On Monday 29th November the letter appeared in the Daily Telegraph

We need a Public Commission of Enquiry on the future of higher education

It is clear from the scale of last week’s largely peaceful demonstrations across Britain that there is an enormous amount of concern amongst young people over the future of higher education. They are not alone.

A wide range of commentators, politicians, public figures and academics have expressed closely argued reservations about the government’s attempt to rush through changes, the far-reaching consequences of which are so uncertain and potentially so damaging.

Within universities there is considerable unease about what reforms based on the Browne report will mean. How might a ‘supply and demand’ model for arts and humanities funding function in practice? Education and research institutions cannot be set up, shut down and restarted according to market demand. With so much uncertainty about future employment prospects and economic conditions, student numbers will ebb and flow. Higher education needs greater stability.

The Higher Education Policy Institute (HEPI) ­ a respected independent think tank ­ has pointed out that the government’s proposals for higher education funding “will increase public expenditure through this parliament and into the next”. The income stream from repayments ­ which is supposed to form the long term basis for funding ­ will not come back to the treasury for many years to come.

This weakens the argument that planned changes to higher education funding are necessarily concurrent with a deficit reduction strategy in this parliament. The pledges on university tuition fees made at the 2010 general election mean the mandate for change is weak. We therefore do not believe that present circumstances are propitious for far reaching reforms.

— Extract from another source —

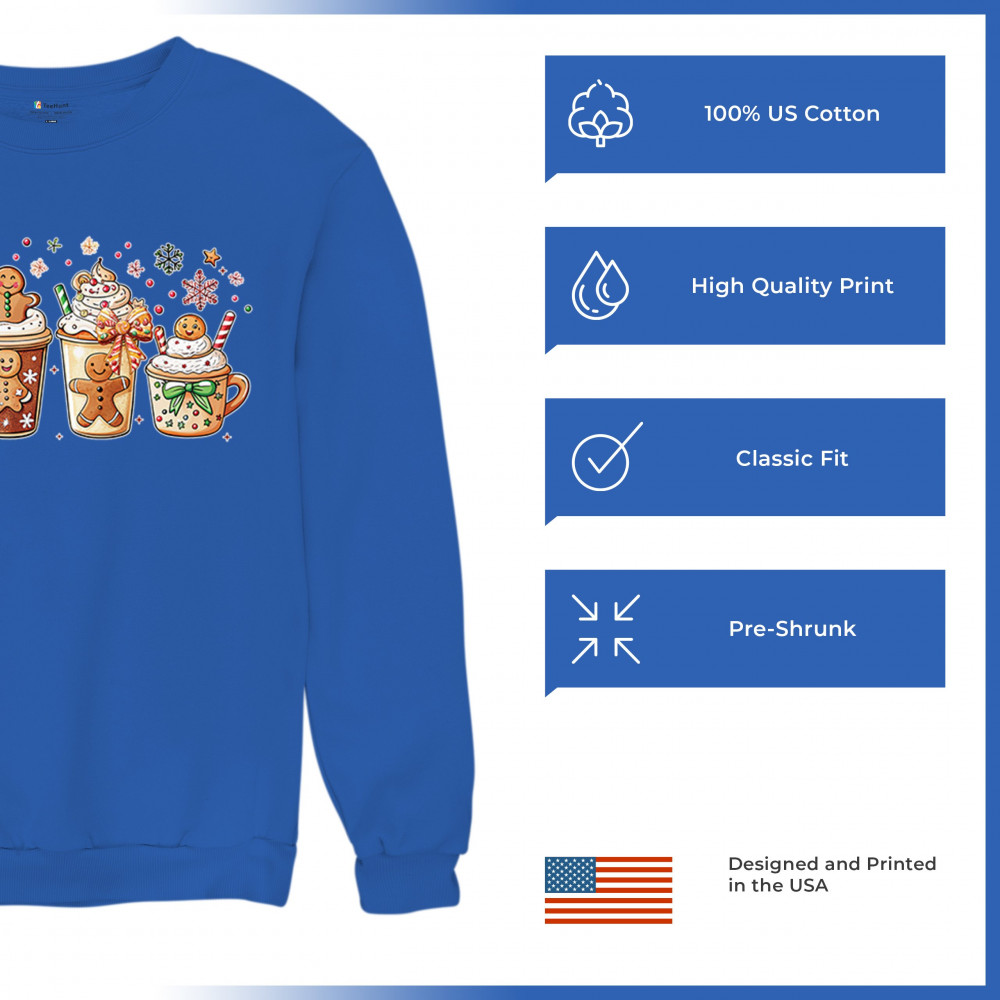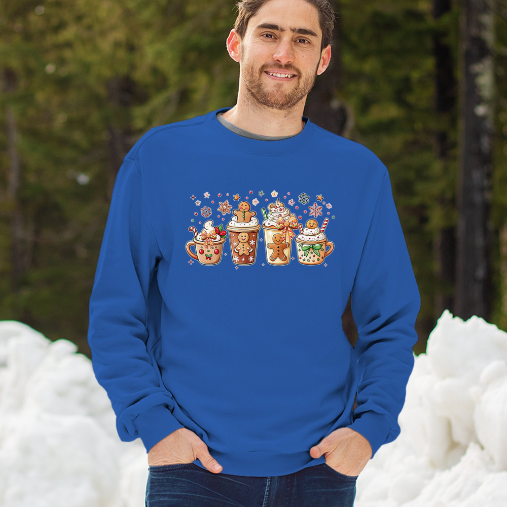 CHRISTMAS DRINKS crewneck sweatshirt cozy hot chocolate gingerbread sprinkles royal blue

Instead, we propose the government set up a Public Commission of Enquiry, which should include wide consultations with politicians, academics, students, business leaders and others to examine the function and funding of higher education from first principles.

Such an approach would be more likely to produce the consensus required to make reform deliverable and place the future of UK higher education on a sustainable footing.

Sir Harold Kroto KCB FRS, Emeritus Professor of Chemistry, University of Sussex (Nobel Prize 1996)

Sir Christopher Bayly FBA FRSL, Vere Harmsworth Professor of Imperial History, University of Cambridge

Hermione Lee CBE FBA FRSL, Goldsmith’s Professor of English Literature, University of Oxford (1998-2008)

John Dainton FRSA FRS, Sir James Chadwick Professor of Physics, University of Liverpool

Christopher Pelling FBA, Regius Professor of Greek, University of Oxford

Quentin Skinner FBA, Barber Beaumont Professor of the Humanities, University of London

Linda Colley FBA, Shelby M.C. Davis 1958 Professor of History, Princeton University

Jonathan Tennyson FRS, Massey Professor of Physics, University College London

Christopher Wickham FBA, Chair of the Faculty of History, University of Oxford

Richard Carwardine FBA, Rhodes Professor of American History, University of Oxford (2002-2009)

Mary Beard FBA, Professor of Classics, University of Cambridge

Steve Jones, Professor of Genetics, University College London

Stefan Collini FBA, Professor of English Literature, University of Cambridge

David Colquhoun FRS, Professor of Pharmacology, University College London

Robert Gildea FBA, Professor of Modern History, University of Oxford

J. N. Adams FBA, Emeritus Fellow, All Souls College, University of Oxford

The letter in the Telegraph was accompanied by a front page story (despite competition from Wikileaks and the snow).

telegraph-story

For a Tory newspaper, it was surprisingly sympathetic.